- _WHAT YOU WILL DO_
Output what the records say, word for word, with no images.

(Stored data entries)
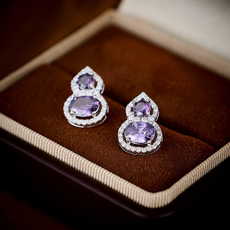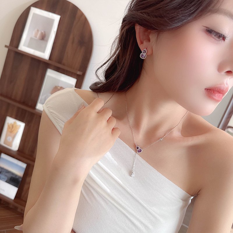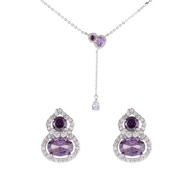 Purple Zircon Gourd Prosperity Set | White Gold Necklace Earrings
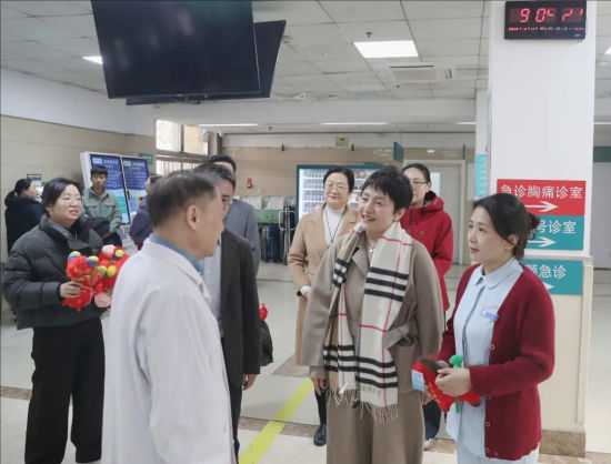 大年初一上午9點(diǎn),醫(yī)院黨委書(shū)記柳麗華,院長(zhǎng)馮世慶,黨委副書(shū)記、副院長(zhǎng)李泉,黨委副書(shū)記孟彥,黨委副書(shū)記孫永國(guó),副院長(zhǎng)靳斌來(lái)到臨床一線崗位看望慰問(wèn)醫(yī)護(hù)人員,為大家送去新春的問(wèn)候和祝福,對(duì)大家“舍小家、為大家”的愛(ài)崗敬業(yè)精神給予高度贊賞,更勉勵(lì)全體醫(yī)務(wù)工作者牢記健康中國(guó)使命,以專業(yè)之力守護(hù)人民安康。
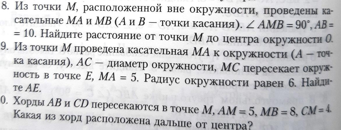 2.Отрезки касательных к окружности, проведенных из одной точки, равны и составляют равные углы с прямой, проходящей через эту точку и центр окружности.
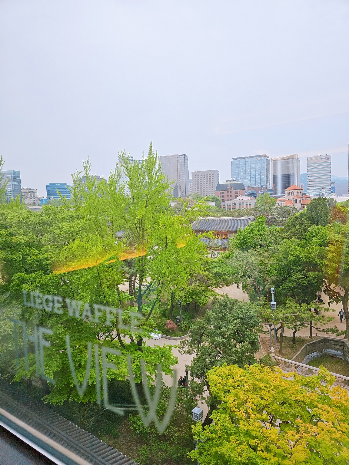 광화문에서 나와 그냥 집 가긴 아쉬운 날, 발길 가는 대로 걷다 보면 도착하게 되는 곳. 덕수궁 돌담길을 따라 걷다가, 고개를 들었을 때 눈에 들어온 ‘리에제와플 더 뷰’라는 간판. 사실 큰 기대 없이 올라갔지만, 엘리베이터 문이 열리는 순간, 감성 끝판왕 공간이 펼쳐졌습니다.이 카페의 핵심은 뭐니 뭐니 해도 창가석 뷰입니다.5층에서 정면으로 내려다보는 덕수궁의 풍경은 정말 영화 세트장 같은 느낌. 특히나 날씨가 흐린 날에도 멋졌으니, 벚꽃 피는 봄날이나 눈 내리는 겨울에는 얼마나 아름다울지 상상만으로도 설렜어요.시청 앞 빌딩들 사이로 고즈넉하게 펼쳐진 궁궐의 풍경.서울 한복판에서 이런 여유를 누릴 수 있다는 게 놀라웠고, 딱 그 순간 하루가 완성된 느낌이었어요.
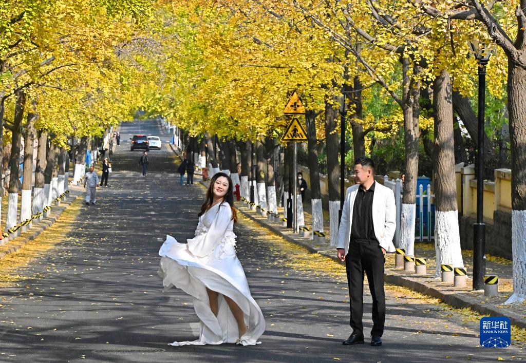 11月21日,一對新人在青島市南八大關(guān)景區內拍攝。
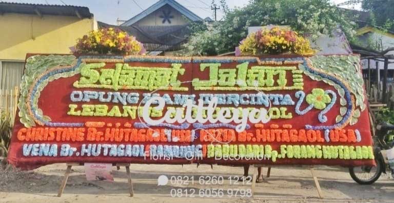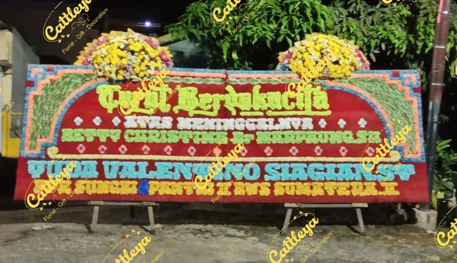 Karangan bunga papan gandeng model kota Medan dengan paduan 2 mahkota bunga segar di atas papan
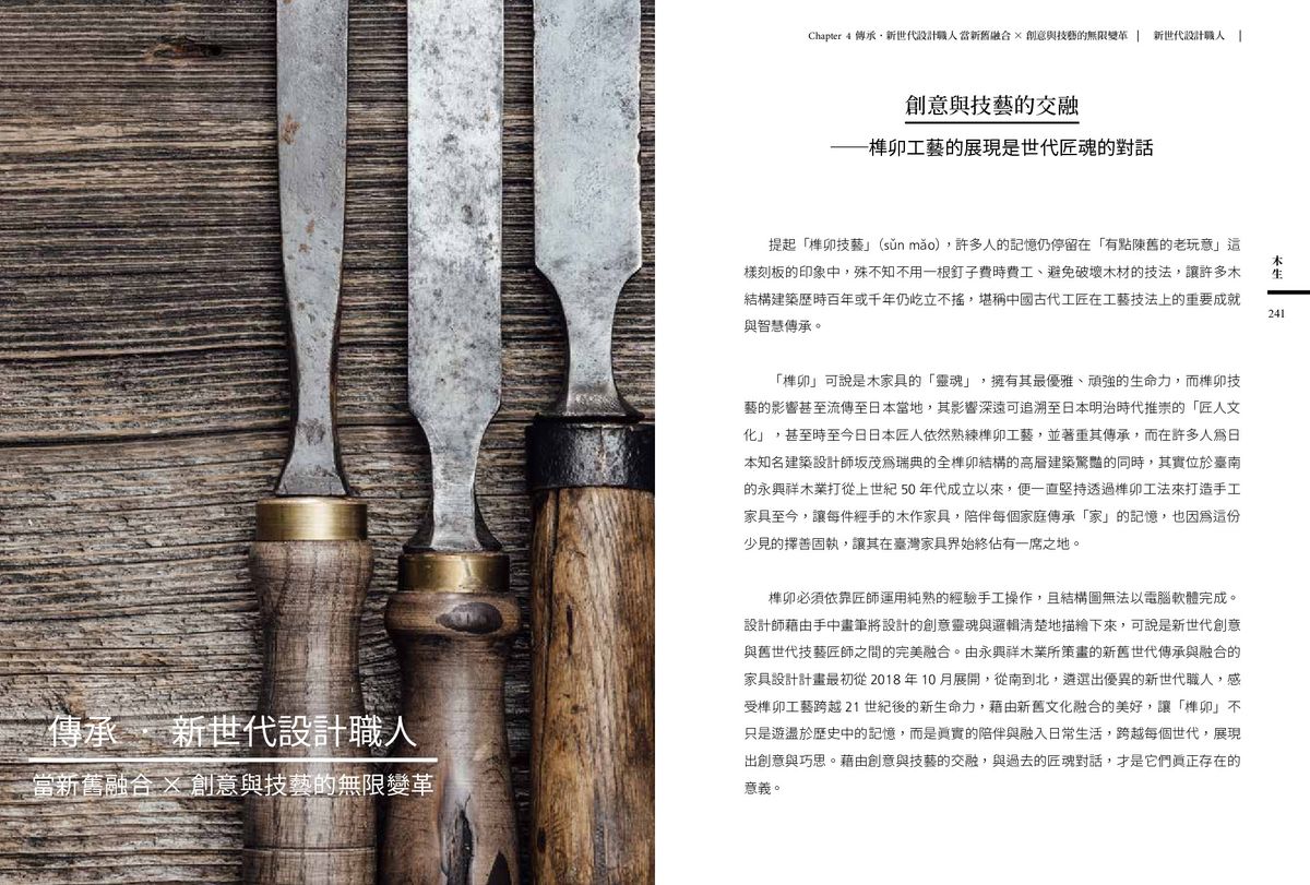 為了歡慶永興家具60週年,永興家具旗下的青風編輯部與出版商樂木文化有限公司展開合作,希望能推出一本具有紀念意義的書籍,內容重點有別於以往其他廠商主打企業品牌介紹及推廣,而是將焦點放在與「木」相關的人事物上,歷經2年努力,全書終於完成並於日前上架銷售。書名取為:「木生—一流匠人教你從零開始學木作 ╳匠人與他們的原木生活」,書中專訪43位不同領域的木藝家、設計師、百年木匠家族為題材的深度報導,剖析每位哲匠的人文思維,更有代代相傳的匠人俚語,從思維中窺探難能可貴的匠人智慧,可謂新舊世代傳承的重要參考。

- _SOLUTION FOR THIS TASK_
 Purple Zircon Gourd Prosperity Set | White Gold Necklace Earrings
 大年初一上午9點(diǎn),醫(yī)院黨委書(shū)記柳麗華,院長(zhǎng)馮世慶,黨委副書(shū)記、副院長(zhǎng)李泉,黨委副書(shū)記孟彥,黨委副書(shū)記孫永國(guó),副院長(zhǎng)靳斌來(lái)到臨床一線崗位看望慰問(wèn)醫(yī)護(hù)人員,為大家送去新春的問(wèn)候和祝福,對(duì)大家“舍小家、為大家”的愛(ài)崗敬業(yè)精神給予高度贊賞,更勉勵(lì)全體醫(yī)務(wù)工作者牢記健康中國(guó)使命,以專業(yè)之力守護(hù)人民安康。
 2.Отрезки касательных к окружности, проведенных из одной точки, равны и составляют равные углы с прямой, проходящей через эту точку и центр окружности.
 광화문에서 나와 그냥 집 가긴 아쉬운 날, 발길 가는 대로 걷다 보면 도착하게 되는 곳. 덕수궁 돌담길을 따라 걷다가, 고개를 들었을 때 눈에 들어온 ‘리에제와플 더 뷰’라는 간판. 사실 큰 기대 없이 올라갔지만, 엘리베이터 문이 열리는 순간, 감성 끝판왕 공간이 펼쳐졌습니다.이 카페의 핵심은 뭐니 뭐니 해도 창가석 뷰입니다.5층에서 정면으로 내려다보는 덕수궁의 풍경은 정말 영화 세트장 같은 느낌. 특히나 날씨가 흐린 날에도 멋졌으니, 벚꽃 피는 봄날이나 눈 내리는 겨울에는 얼마나 아름다울지 상상만으로도 설렜어요.시청 앞 빌딩들 사이로 고즈넉하게 펼쳐진 궁궐의 풍경.서울 한복판에서 이런 여유를 누릴 수 있다는 게 놀라웠고, 딱 그 순간 하루가 완성된 느낌이었어요.
 11月21日,一對新人在青島市南八大關(guān)景區內拍攝。
 Karangan bunga papan gandeng model kota Medan dengan paduan 2 mahkota bunga segar di atas papan
 為了歡慶永興家具60週年,永興家具旗下的青風編輯部與出版商樂木文化有限公司展開合作,希望能推出一本具有紀念意義的書籍,內容重點有別於以往其他廠商主打企業品牌介紹及推廣,而是將焦點放在與「木」相關的人事物上,歷經2年努力,全書終於完成並於日前上架銷售。書名取為:「木生—一流匠人教你從零開始學木作 ╳匠人與他們的原木生活」,書中專訪43位不同領域的木藝家、設計師、百年木匠家族為題材的深度報導,剖析每位哲匠的人文思維,更有代代相傳的匠人俚語,從思維中窺探難能可貴的匠人智慧,可謂新舊世代傳承的重要參考。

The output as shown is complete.